### Instructions to follow
The answer is the data repeated in full, with no pictures included.

### Information supplied
+===+

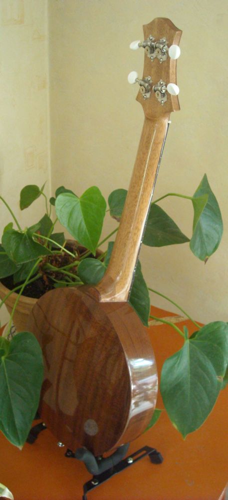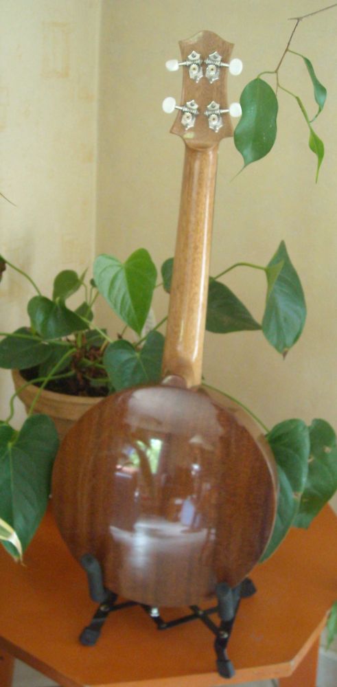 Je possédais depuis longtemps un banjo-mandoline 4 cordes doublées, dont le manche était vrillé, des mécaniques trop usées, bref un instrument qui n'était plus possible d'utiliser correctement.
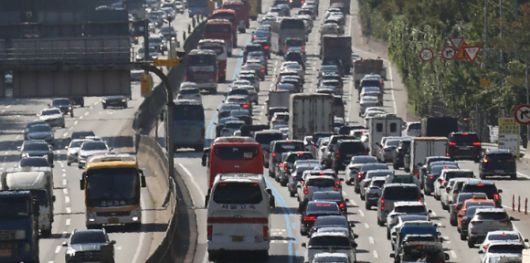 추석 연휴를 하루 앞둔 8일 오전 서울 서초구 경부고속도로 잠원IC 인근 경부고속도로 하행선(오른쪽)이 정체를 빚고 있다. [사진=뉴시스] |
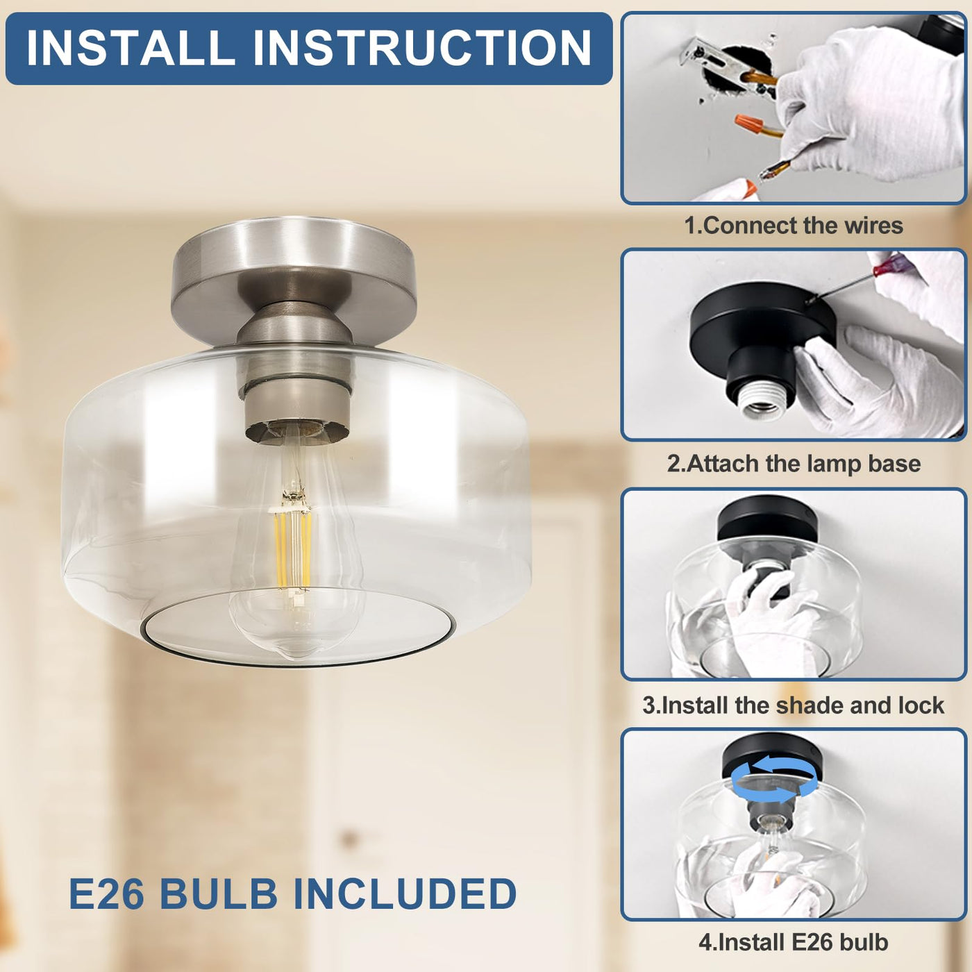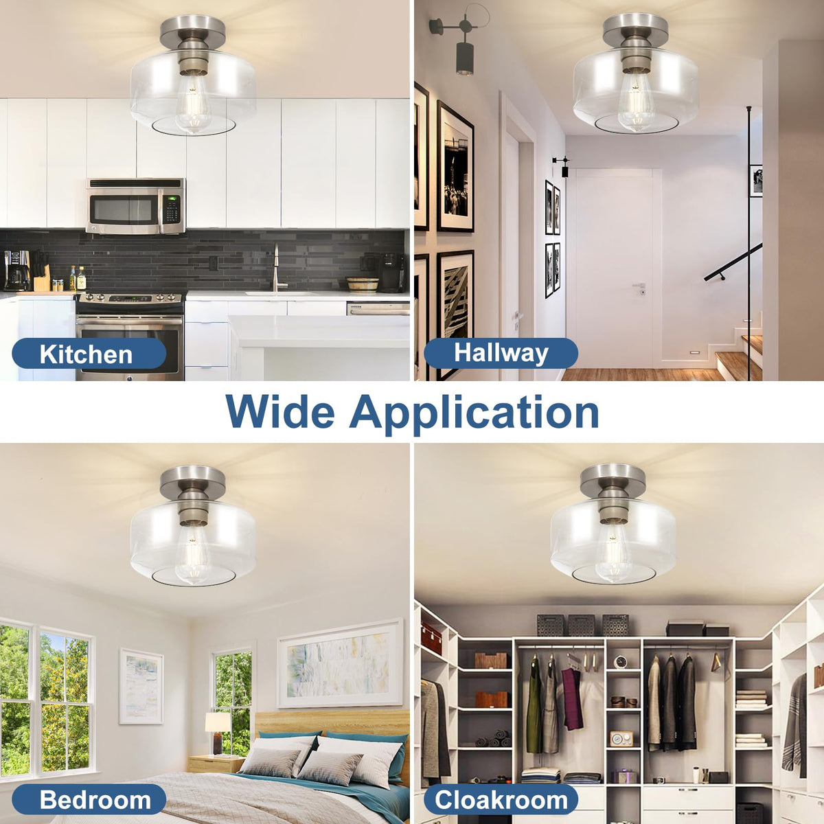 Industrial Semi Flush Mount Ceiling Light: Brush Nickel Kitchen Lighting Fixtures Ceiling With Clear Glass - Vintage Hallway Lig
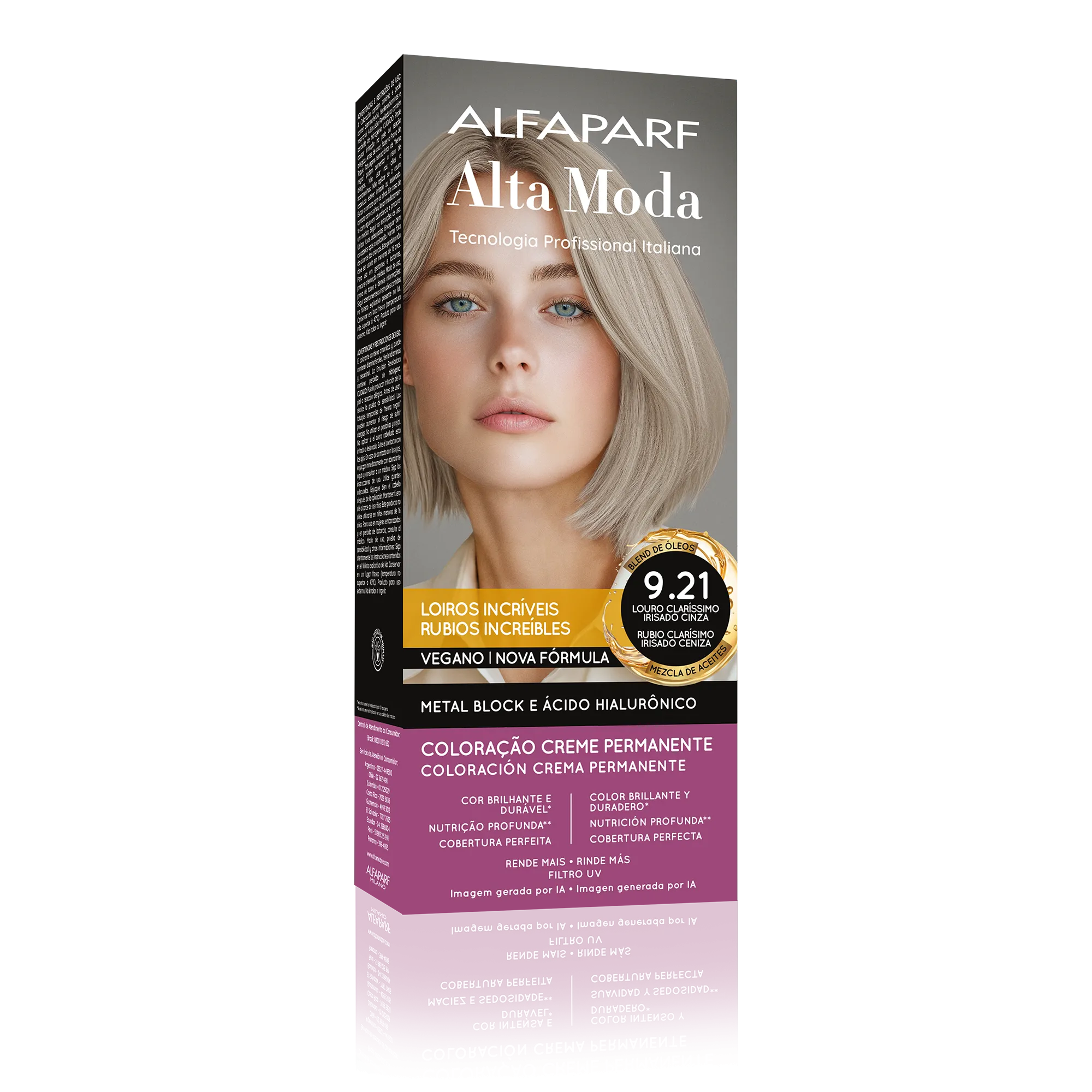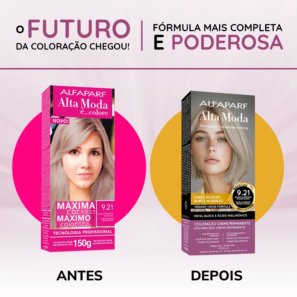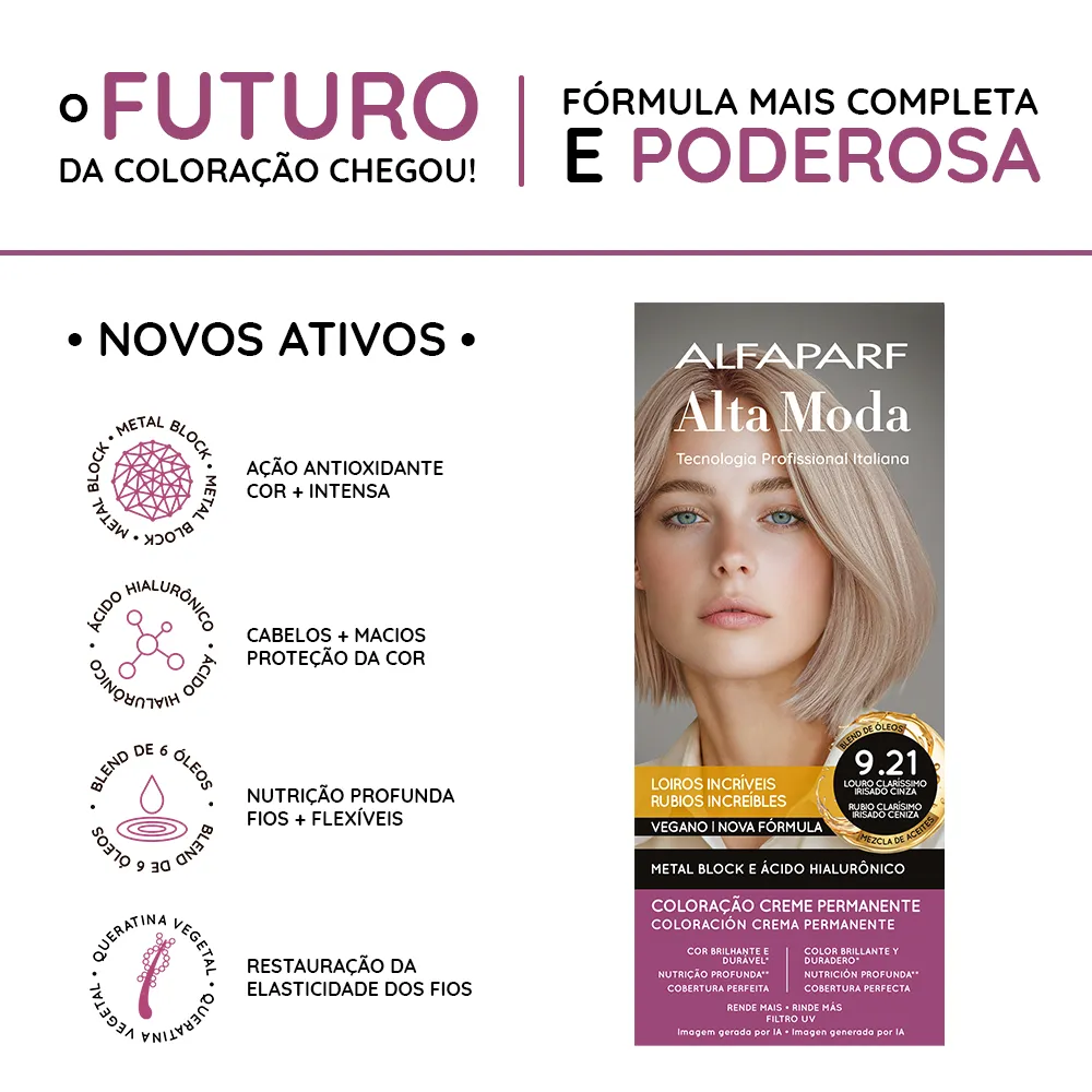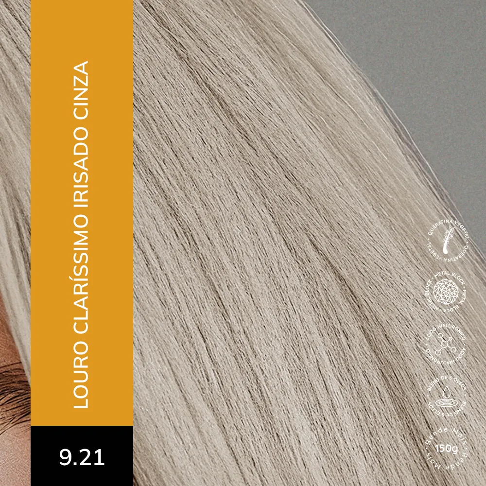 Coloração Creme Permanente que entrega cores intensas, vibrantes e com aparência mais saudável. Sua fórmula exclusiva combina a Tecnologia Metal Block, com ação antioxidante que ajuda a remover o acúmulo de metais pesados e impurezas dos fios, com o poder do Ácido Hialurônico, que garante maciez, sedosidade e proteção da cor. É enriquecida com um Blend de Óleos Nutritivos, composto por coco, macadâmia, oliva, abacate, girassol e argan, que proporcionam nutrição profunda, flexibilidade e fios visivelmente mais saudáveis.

+===+

### Answer area
 Je possédais depuis longtemps un banjo-mandoline 4 cordes doublées, dont le manche était vrillé, des mécaniques trop usées, bref un instrument qui n'était plus possible d'utiliser correctement.
 추석 연휴를 하루 앞둔 8일 오전 서울 서초구 경부고속도로 잠원IC 인근 경부고속도로 하행선(오른쪽)이 정체를 빚고 있다. [사진=뉴시스] |
 Industrial Semi Flush Mount Ceiling Light: Brush Nickel Kitchen Lighting Fixtures Ceiling With Clear Glass - Vintage Hallway Lig
 Coloração Creme Permanente que entrega cores intensas, vibrantes e com aparência mais saudável. Sua fórmula exclusiva combina a Tecnologia Metal Block, com ação antioxidante que ajuda a remover o acúmulo de metais pesados e impurezas dos fios, com o poder do Ácido Hialurônico, que garante maciez, sedosidade e proteção da cor. É enriquecida com um Blend de Óleos Nutritivos, composto por coco, macadâmia, oliva, abacate, girassol e argan, que proporcionam nutrição profunda, flexibilidade e fios visivelmente mais saudáveis.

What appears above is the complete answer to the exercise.